Is cardboard effective as a mulch?

According to David Wees, the limited research on the subject reveals that the properties of cardboard are quite similar to those of other materials, such as plastic or the geotextile fabric. “Cardboard works very well for most weeds, he notes, with the exception of some that are perennials, such as quackgrass or milkweed, and which have long roots allowing them to survive even under a cardboard layer. »

In 2011, a study carried out in Turkey in an orchard indicated that using cardboard as mulch eliminated 99.66% of weeds. For comparison, a herbicide like glyphosate killed 90.61% of weeds.

Weeds: bye mulch, hello cardboard?

This is a great way to collect your moving boxes!

More recently, researchers from India added that mulches like cardboard or newspaper also protect soil from erosion, retain moisture, and can help control soil temperature. Additionally, on its recommendations page, the US National Center for Appropriate Technology points out that cardboard and newsprint add organic matter to the soil.

Disadvantages of cardboard

However, the National Center for Appropriate Technology reminds that cardboard is susceptible to being blown away by the wind if it is not firmly held down. Horticulture researcher David Wees also believes that cardboard's lack of aesthetic appeal may limit its use. However, these disadvantages become less important with the lasagna garden technique, since the cardboard is no longer visible.

On the other hand, cardboard can cause dryness in the ground, if it is very thick and waxed. “If it doesn't absorb the water,” Wees explains, “the water will run off when it rains and won't make it into the ground. Unless you water very regularly, the vegetables could suffer. »

Straw and geotextile fabric do not pose this kind of problem since they allow water to pass through. Another solution is to take a thin piece of cardboard and cut it into smaller pieces.

Linda Chalker-Scott, horticulturist and professor at Washington State University, also answers on her page the “myth ” paper and cardboard: while acknowledging the same advantages, she adds that cardboard can prevent air exchange if the soil is wet and poorly drained, which would reduce the vitality of the soil. In addition, the cardboard would attract pests such as termites or rodents.

Finally, according to Signe Danler, a horticulturist at Oregon State University, the grass under the cardboard can remain intact for several years, even if it is dead. As this can block the roots of cultivated plants, she does not suggest this method for those who want to start their garden quickly.

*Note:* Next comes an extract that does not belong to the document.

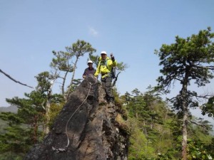 2012年5月6日(日)晴れ ■出発時間:午前6時00分(宇土内登山口) ■メンバー:MORIさんご夫妻、あこちゃんご夫妻、カラスの5名 前ページ(二ツ岳)へ 昨夜は、藤川内渓谷にある温泉「湯〜とぴあ」で温泉につかり、またまたお酒を飲んで早く寝た。朝食は奥様方からサラダやバナナをもらったりで栄養十分だ。犬流れ登山口まで夏木林道を移動する。道は昨日の二ツ岳よりもはるかに状態が良い。何しろマイクロバスが入るくらいなので。そう言えば、2009年の5月にここ犬流れ登山口から歩く予定であったが、崩落で通行止めになっていたため止む無く夏木新道を歩いた。鋸尾根を歩けるということで楽しみだ。6時20分、車を停めて出発。登山口からすぐに急登が始まる。尾根道とはっきりとしたきたらシャクナゲの花が迎えてくれた。松の巨木も見事である。ブナの木が増えてきて登りきると7時20分稜線の犬流れ分岐に出た。風の通り道なのかかなり強いが、ここで一息いていよいよ尾根歩きである。ブナの木とミツバツツジの花を見ながらヤセ尾根を歩く。最初のピークを登りきると急斜面のロープ場を降る。降りきると今度は梯子を登る。そしてまた、急斜面を降る。そして何度かアップダウンして遠くに鹿納坊主が見えてくる。気がつかなかったがおそらくこの間が小鋸であろう。目の前に急峻な岩峰がある。足元にはイワカガミの花が群生していてしばらくここで休憩をする。岩の下をトラーバスして垂直に近い岩壁を斜めに登り切るとそこは北アルプスの大キレットで経験した飛騨泣きを通過するような岩場に出る。太いロープが張ってあるが、それを持ちながら歩くとすると体が倒れてしまい余計に危ない。ここは岩を手で直接つかみ三点支持で進むのが良い。(不安であればこのロープにシュリンゲ&カラビナで確保をすれば良い)ここをクリアして岩壁をトラバースして梯子を降るとまたまた登り始める。振り返ると今通ってきた岩場が眼下に見える。9時30分、岩場のヤセ尾根を過ぎると夏木新道との合流地点に着く。無事鋸尾根を通過した。天然のアスレチックは、大人だけの楽しみである。しばらく休憩をして山頂目指し、急斜面を登り始める。アケボノツツジの花が残っていて楽しませてくれる。10時ちょうど山頂に着いた。前回来た時は、アケボノツツジが満開であったが、今回はちらほらでほぼ終わっていた。年によってこうも違うのかと思うと前回はとても幸運だったと言うことである。しかし、その代わりか、シャクナゲの花がたくさん咲いていて和ませてくれた。しばらく休憩をして下山開始である。帰路は夏木新道を降る。船石、あけぼの平、桧見台と降り、11時35分、登山口に全員無事下山。ここから林道を歩き、犬流れ登山口に停めてある車まで戻った。ひやひやした場面もあったが、なかなか面白いコースでGW最後の締めくくりの山として最高だった。そして昨日に続いて道の駅宇目のレストランで豪華な昼食をして帰路に就いた。今回も全ての計画をしていただいたリーダのMORIさんには感謝の限りである。また、今回は独身だった私?を色々とお世話いただいた奥様方や足の豆の痛さも克服し、最後まで歩き通した(「笑い通した」の方がいいかな)花ちゃん(ちゃんで失礼)に感謝を述べたい。そして自然に山にいつも感謝です。(帰宅して体重を計ったら2Kgも増えていました。こりゃいったいどうなってだぁー) <コースタイム> 犬流れ登山口-(60分)-犬流れ分岐-(100分)-夏木新道合流点-(20分)-山頂-(80分)-夏木新道登山口-(10分)-犬流れ登山口 ※休憩時間は含まず。全行程で約5時間半でした。 |

Are there any risks of toxicity?

As part of the Appropriate Technology Transfer Program for Rural Areas, the National Center for Appropriate Technology researched paperboard materials such as glue, ink and coatings. It concluded  ;that these constituents were without great danger.

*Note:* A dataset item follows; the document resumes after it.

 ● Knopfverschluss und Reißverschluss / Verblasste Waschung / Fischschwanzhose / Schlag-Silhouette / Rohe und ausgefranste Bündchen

“More and more paper companies are now using vegetable-based inks, for example based on soybean oil,” says David Wees. Also, even if the inks contained heavy metals, the amounts would be small and what could end up in the soil would be minimal. Finally, the horticulturist notes that in urban areas, the contamination of the soil to be monitored comes from other sources, such as atmospheric pollution.

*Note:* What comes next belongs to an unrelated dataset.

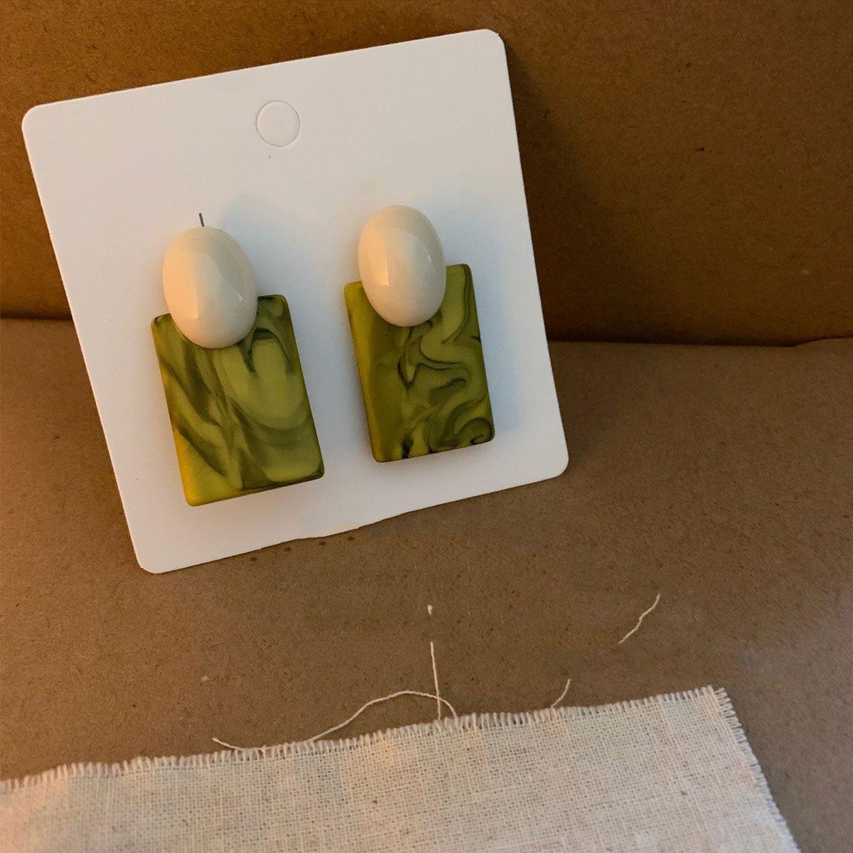 Green Square Vintage Earrings Retro Style Jewellery Women Girls Fashion Gift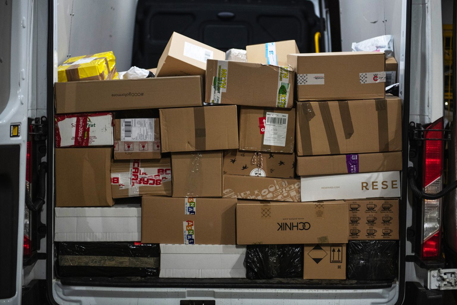 Parcels are seen aboard a delivery van in Poland.

Besides, the use of cardboard and newspaper is permitted in organic farming, says the US Department of Agriculture. The cardboard must however meet certain conditions: be made of recycled products, not contain color inks or glossy finishes and not be waxed or have been treated with fungicides. The Permaculture Research Institute also recommends avoiding cardboard or newspaper that has been bleached with chlorine-based products.


Although the research on the subject is scant, it seems clear that cardboard is an effective and safe method of getting rid of weeds. However, it has disadvantages that can make it less attractive for certain types of gardens.